A young man with a bent toward science, Teague also excelled at athletics at what is now Cottonwood Mingus High School before enrolling at the University of Arizona.

He interrupted his studies to enlist in the Army Air Force after the Japanese bombed Pearl Harbor in December 1941 and flew more than 20 missions as a B-24 pilot in the Pacific theater.

After his honorable discharge, he returned to U of A and completed his degree in metallurgy. He married his high school sweetheart, Betty, with whom he had three children.

Teague's field eventually led him to Lander, Wyoming, where he became the general foreman responsible for ore processing and shipping at a mine owned by U.S. Steel.

Wyoming suited Teague just fine, as he was a devoted hunter and fisherman — and an inveterate storyteller, to boot.

He liked to tell his closest friends, "Don't stop me if I've told you this story before because I want to hear myself tell it again."

Teague's first wife died in 1978, and he married Cecil Slagle the following year.

The new couple spent winters in Arizona after he retired from U.S. Steel in 1982. When he became a widower again in 2000, Teague remained active with the Shriners of North America, played golf, and explored his beloved Wind River Mountain range in Wyoming on horseback with friends.

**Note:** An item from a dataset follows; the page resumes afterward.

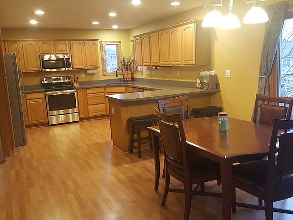 This is a beautiful, three bedroom two-story with 1,927 sq. ft. on two floors. First floor features open plan with a front room for an office, den, or formal dining, spacious kitchen with peninsula for bar stools plus lots of cabinet storage including a pantry. The dining area includes sliders to the large wood deck. Family room has a fireplace with surrounding built-in cabinets and shelves, and a large bay window overlooking the large backyard. Upstairs features 3 bedrooms, 2 full baths, and a laundry room. Master bedroom has walk-in closet and private bath with jet tub. The basement is partially finished, stubbed for a bathroom, and ready for you to make it your own. Storage shelves are included. The house includes many nice touches like window seats in the two bedrooms and decorative trim work throughout. The large fully fenced in yard provides lots of room for kids to play and includes a playset and a concrete patio for entertaining friends and family. The neighborhood is very family-friendly!

By the time he reached his mid-80s, Herm Teague still was sharp mentally and didn't want to fade away into senior-citizen oblivion. That's what led him to the job at Wal-Mart.

On the day he got hurt at the store, Teague had clocked in at 12:31 p.m. He went to his assigned post and greeted people, as usual.

About an hour later, he asked fellow employee Josh McKay to help him purchase a Coke out of a nearby machine because he was having a hard time seeing what he was buying.

McKay later testified that Teague complained about feeling poorly and appeared pale. McKay handed the older man the soda and then went outside to gather up shopping carts.

Administrative law Judge Joseph Moore would ask Teague later whether he remembered choking on that Coke.

"Oh, yeah," Teague said, adding, "I don't remember when I fell. Everything just went black. The next thing I knew, I woke up and I was on the floor."

Wal-Mart employees found Teague unconscious and bleeding on the concrete floor, and called 911. Doctors at a nearby hospital stitched him up. Then they ordered a series of tests to determine what had caused him to faint for the first time.

The tests revealed that he needed a pacemaker, which was implanted the next day, March 7.

Teague remained in the hospital for a few days before he was released.

He never set foot in that Wal-Mart again.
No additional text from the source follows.